→ **Directions for this task**
Every line from the top of the records through the one bearing "H Vaggv.barnv. ////" is to be reproduced exactly, and pictures are to be left out.

[Records from a data collection]
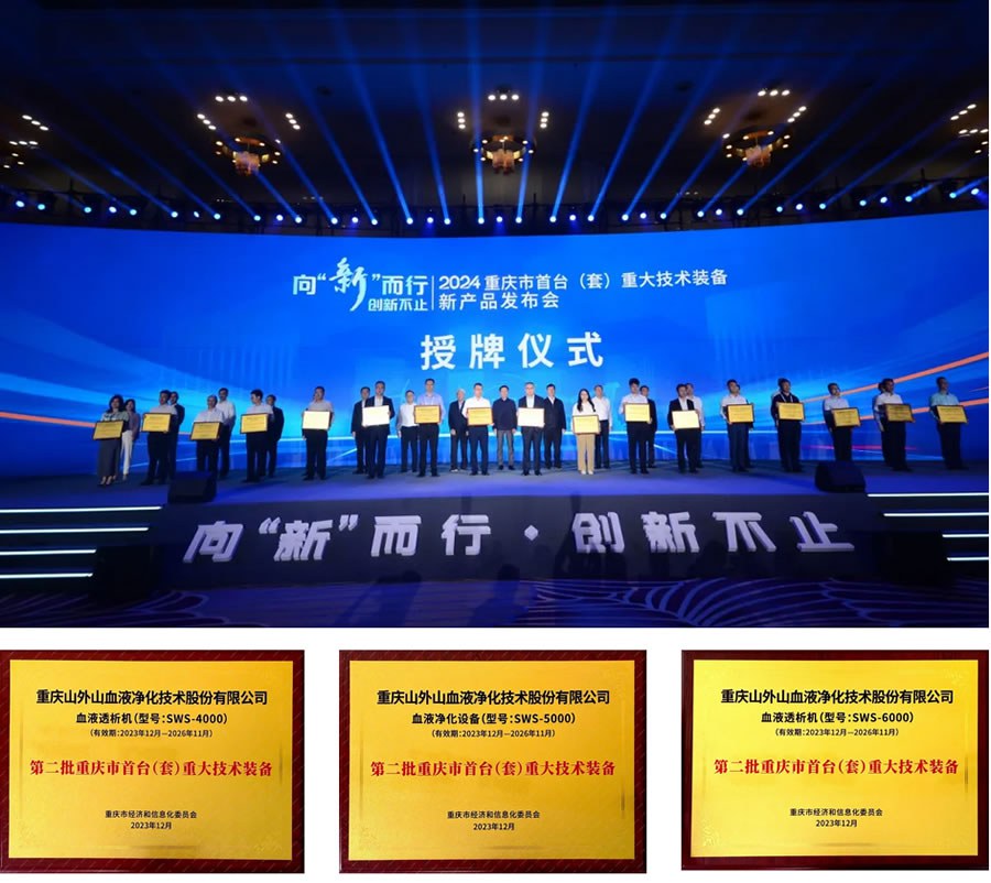 2024年5月12日,2024重慶市首臺(套)重大技術(shù)裝備新產(chǎn)品發(fā)布會上,重慶山外山血液凈化技術(shù)股份有限公司(以下簡稱“山外山公司”,股票代碼:688410)三項(xiàng)產(chǎn)品被認(rèn)定為第二批重慶市首臺(套)重大技術(shù)裝備產(chǎn)品。
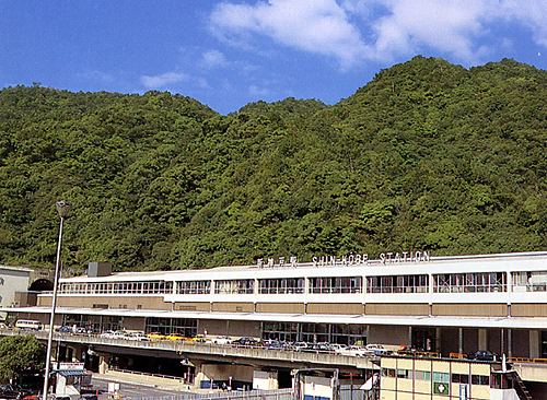 港町神戸にふさわしく船をかたどった設計の新神戸駅。ここから雄滝までは峡谷と照葉樹林がつづきます。
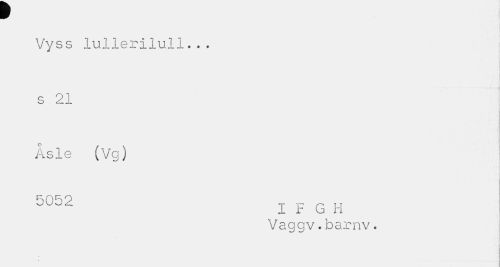 //// w //// Vyss lullerilull... //// I . H //// s 21 //// Åsle (Vg) //// Å //// 5 Q 5 o //// I F G H Vaggv.barnv. ////
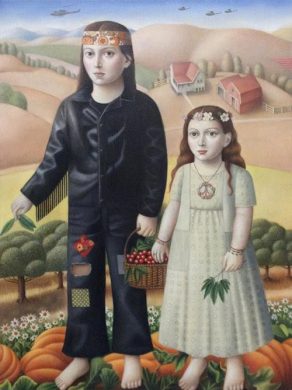 If you ever rode the Haunted Mansion ride at Disneyland, you’ll recall paintings hung on some of the walls that had eyes that appeared to follow you as you moved your own from side to side. Spooky! That’s sort of how I feel when I look at the wide-eyed paintings done by Amy Hill, who is opening a solo exhibition at Lower East Side’s Front Room Gallery on Wednesday. Her portraits are realistic while also being surreal and a little creepy (even the cats stare at you with unblinkingly large eyes), bringing the style of 19th century American folk art into more modern times. Rather than setting her figures in the 21st century, she curiously grounds them in 1960s counterculture, where peace-sign necklaces and fringed leather replace any peasant frocks. We never actually found that peace, did we…
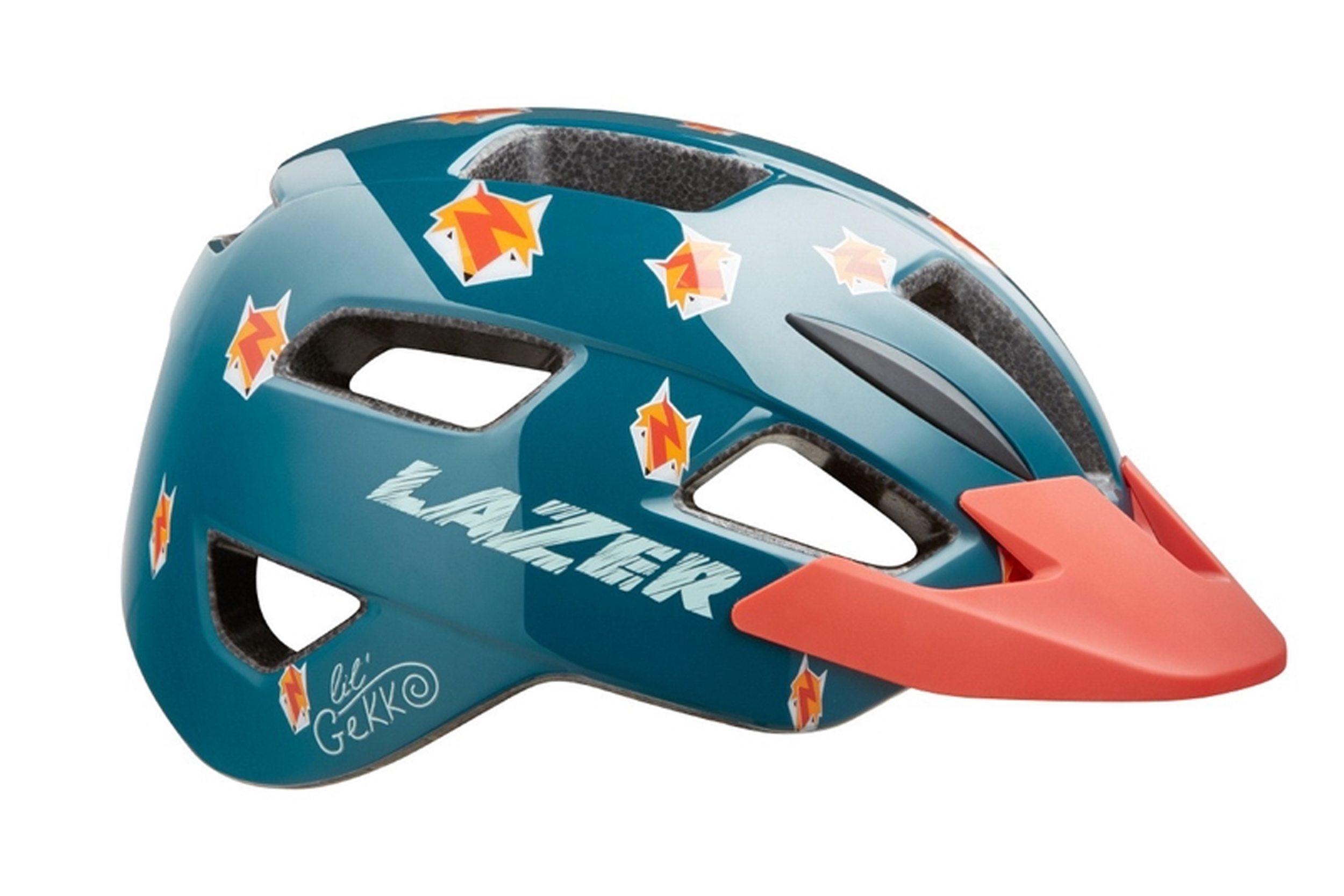 Lazer Lil Gekko Fox Helmet, the next generation of kid’s helmets from Lazer! Drop down side and rear protection keeps little ones safe as they explore the world by bike. A stylish integrated peak looks great and keeps sun out of the eyes and off the face. The Lazer Autofit® Retention System automatically adjusts to the riders’ head making the helmet quick and easy to fit, just put it on the head and let the Autofit work its magic. Plenty of vents ensure the helmet interior stays cool and comfortable.
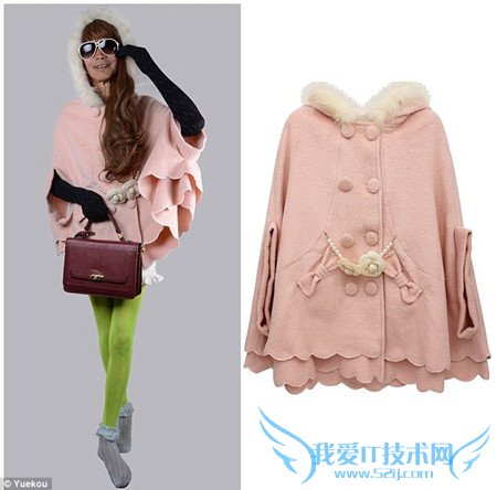 The outfits, designed for teenaged girls, feature bright pink capes, striped tights and over the knee socks, with plenty of lace, ribbon and frippery.这家网店卖的女装主要针对青少年女生,主打单品有亮粉色的斗篷,条纹紧身袜和过膝短袜,衣服也多带蕾丝、绸带和比较艳丽的装饰。
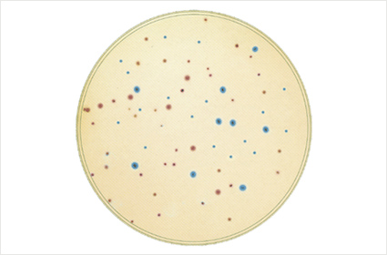 酵素基質培地とは、細菌が保有する酵素と、培地中の特定の物質(基質)が反応し、培養後のコロニーを着色あるいは発光させることで、コロニーの計数や判定を容易にできる技術です。

→ **Exercise output**
 2024年5月12日,2024重慶市首臺(套)重大技術(shù)裝備新產(chǎn)品發(fā)布會上,重慶山外山血液凈化技術(shù)股份有限公司(以下簡稱“山外山公司”,股票代碼:688410)三項(xiàng)產(chǎn)品被認(rèn)定為第二批重慶市首臺(套)重大技術(shù)裝備產(chǎn)品。
 港町神戸にふさわしく船をかたどった設計の新神戸駅。ここから雄滝までは峡谷と照葉樹林がつづきます。
 //// w //// Vyss lullerilull... //// I . H //// s 21 //// Åsle (Vg) //// Å //// 5 Q 5 o //// I F G H Vaggv.barnv. ////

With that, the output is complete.